– В комфорте. – усмехнулся Андропов, – На улице сегодня минус двадцать четыре, да и здесь ненамного теплее. Не помёрзнут парни?
– Помёрзнут, конечно, и обязательно поголодают, – кивнул Максим, – но так они научатся быстрее и лучше. Времени у нас не так много, на весь курс подготовки меньше двух месяцев. Если уж целый генерал-лейтенант готов на это пойти, то и среди офицеров добровольцы обязательно найдутся. Остальных найдёте куда пристроить.
– Ты готов? – Андропов удивлённо посмотрел на Дроздова.
– Ещё не на уровне бойцов "Каскада", но уже кое-что уже могу, Юрий Владимирович. Для "Вымпела" я буду неплохим примером, да и Максим рядом, подстрахует, если что.
– Примером, говоришь… – Андропов повернулся к Воронову, – А я смогу пройти такую подготовку, Максим?
– Не знаю. – тот явно удивился вопросу, – По здоровью – наверное, да, сможете, только зрение поправить нужно. Но Брежнев ведь вас не отпустит на два месяца.
– Не отпустит, – согласился министр МВД-КГБ, – Но всё равно приятно такое слышать от специалиста. Значит, не я ещё не такая уж старая рухлядь, и если сильно припрёт – то смогу. А что насчёт зрения?

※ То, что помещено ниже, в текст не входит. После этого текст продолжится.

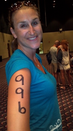 As we swam around the second turn buoy, heading back to shore in the final leg of the swim, the sun was in our eyes. So blinding. I’ve done this race 2 other times but the sun seemed so much brighter this time. I couldn’t see the buoys at all. Had to stop several time to see if I was on track. This last leg should have been where I picked it up but I didn’t since I couldn’t see. In fact, I was so blinded that about half way thru that final leg, I swam up on a gentlemen from one of the waves in front of me. Scared the poo out of me. I froze, popped my head up & apologized. Well, I must have really tightened up when I hit him because my left calf cramped & I was dead in the water. Quite literally. Clutching my cramped calf in one hand, trying to swim with one hand out of the way of all the bazillion swimmers who were fighting to get around me once I stopped. Not fun. I couldn’t get the cramp to pass & was trying to massage it in the water. Hundreds of people passed me as I was sidelined & then I was eventually able to start swimming again & get out of the water. Yes! Victory. Back on land. Better yet, there were wetsuit strippers!! Life savers because with my back in its current state of disrepair, I really struggle getting out of my wetsuit. Super thankful for the lady that helped me & helped pull me back up off the ground since I was struggling there too!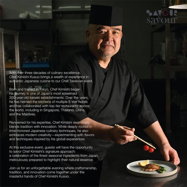 Savour is renowned for its European cuisine with a twist of Asian flavors, and now, for a limited time only, we invite you to an extraordinary 𝐂𝐇𝐄𝐅 𝐓𝐀𝐊𝐄𝐎𝐕𝐄𝐑 featuring acclaimed Chef Kimiishi Kusuo—a master of Japanese cuisine with over 30 years of experience. Witness his refined techniques and artistry as he takes over our kitchen for one exclusive evening.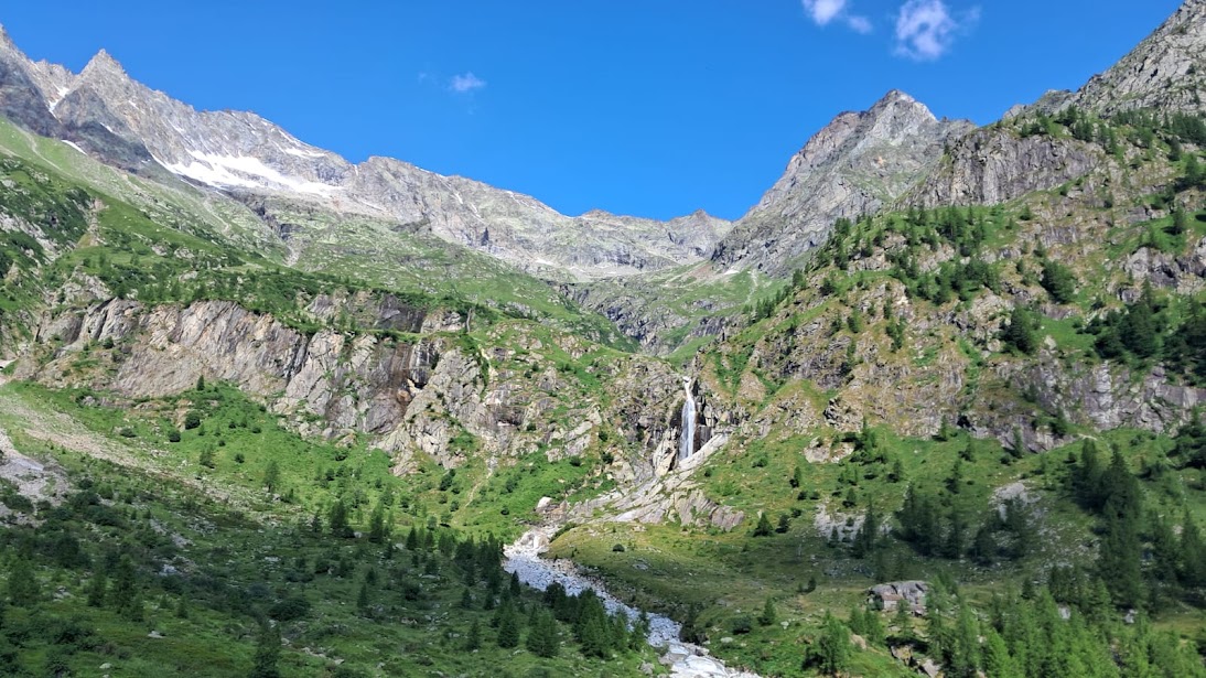 Entriamo nella valle, quasi pianeggiante fino a Crocette, 1360, la “Città Morta” della vecchia miniera d’oro (tre quarti d’ora). Il letto del torrente reca i segni pesanti dell’ultima grande “buzza”. Qui c’è un rifugio del CAI di Piedimulera e una sorgente d’acqua fresca che sgorga dalla punta di una piccozza. Ci sono lavori in corso poco oltre. Il mio atroce sospetto si materializza: stanno costruendo una grossa centralina idroelettrica.

– Зрение исправим, с этим сложностей не возникнет, но где-то с неделю вас будут беспокоить довольно сильные головные боли. Работать не сможете. Такое лучше в отпуске лечить.
– Странно. Всё лечишь, а головную боль не можешь.

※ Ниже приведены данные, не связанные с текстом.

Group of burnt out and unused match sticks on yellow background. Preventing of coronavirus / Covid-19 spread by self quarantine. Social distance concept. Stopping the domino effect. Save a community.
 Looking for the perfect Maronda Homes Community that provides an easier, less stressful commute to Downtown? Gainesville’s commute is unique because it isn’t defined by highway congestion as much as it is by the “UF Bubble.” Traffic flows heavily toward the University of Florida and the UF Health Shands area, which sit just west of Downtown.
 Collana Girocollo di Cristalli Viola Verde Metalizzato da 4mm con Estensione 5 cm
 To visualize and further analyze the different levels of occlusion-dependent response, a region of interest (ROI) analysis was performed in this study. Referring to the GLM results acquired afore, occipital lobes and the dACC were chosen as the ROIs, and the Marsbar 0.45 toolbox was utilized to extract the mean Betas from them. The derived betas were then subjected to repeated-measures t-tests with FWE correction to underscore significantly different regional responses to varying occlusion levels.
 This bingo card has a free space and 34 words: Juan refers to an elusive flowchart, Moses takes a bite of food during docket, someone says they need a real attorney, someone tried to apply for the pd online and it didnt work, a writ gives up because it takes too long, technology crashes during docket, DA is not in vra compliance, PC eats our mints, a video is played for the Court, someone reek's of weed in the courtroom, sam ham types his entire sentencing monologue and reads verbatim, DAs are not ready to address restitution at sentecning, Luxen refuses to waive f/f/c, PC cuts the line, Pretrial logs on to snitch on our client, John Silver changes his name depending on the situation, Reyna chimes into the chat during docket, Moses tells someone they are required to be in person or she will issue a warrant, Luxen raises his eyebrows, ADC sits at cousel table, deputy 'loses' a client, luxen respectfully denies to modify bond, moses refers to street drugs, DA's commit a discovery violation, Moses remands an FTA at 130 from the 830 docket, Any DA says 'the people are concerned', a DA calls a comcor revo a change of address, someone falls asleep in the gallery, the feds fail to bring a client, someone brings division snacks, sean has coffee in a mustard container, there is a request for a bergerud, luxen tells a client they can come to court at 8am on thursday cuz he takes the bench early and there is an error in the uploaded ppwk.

– Не все боли можно лечить, некоторые из них полезны, их нужно просто перетерпеть. Мозг должен привыкнуть к приёму картинки другого качества и настроиться на неё. Как мышцы привыкают к нагрузкам. Только в вашем случае нагрузка будет очень сильная, вы ведь в очках уже лет тридцать?
– Двадцать девять. Ладно, это не к спеху, у тебя сейчас и так забот хватает, да и мне теперь без очков непривычно будет. Когда я их протираю – мысли в порядок приходят. Вроде и минута-другая, а иного часа стоит. Ты о другом подумай. "Наследия ушедших" не хватит на всех желающих, даже если ты будешь всё время только лечить, а ты ведь не будешь?
– Не буду. – согласился Максим, – Неправильно это, смена поколений должна идти своим чередом. Откровенно говоря, я вмешиваюсь не в своё дело. Приметно, как адъютант, подделывающий приказы ушедшего в запой генерала. Раз-другой такое прокатит и даже может пойти на пользу, но в итоге к добру это мошенничество нас точно не приведёт.
– Значит, отказывать в любом случае придётся.
– Конечно. Собственно говоря, я планировал заработать только на проведение Олимпиады, а на неё французы уже скинулись. Теперь будем принимать только самых-самых, которые пробудят в нас жадность, побеждающую даже нашу осторожность.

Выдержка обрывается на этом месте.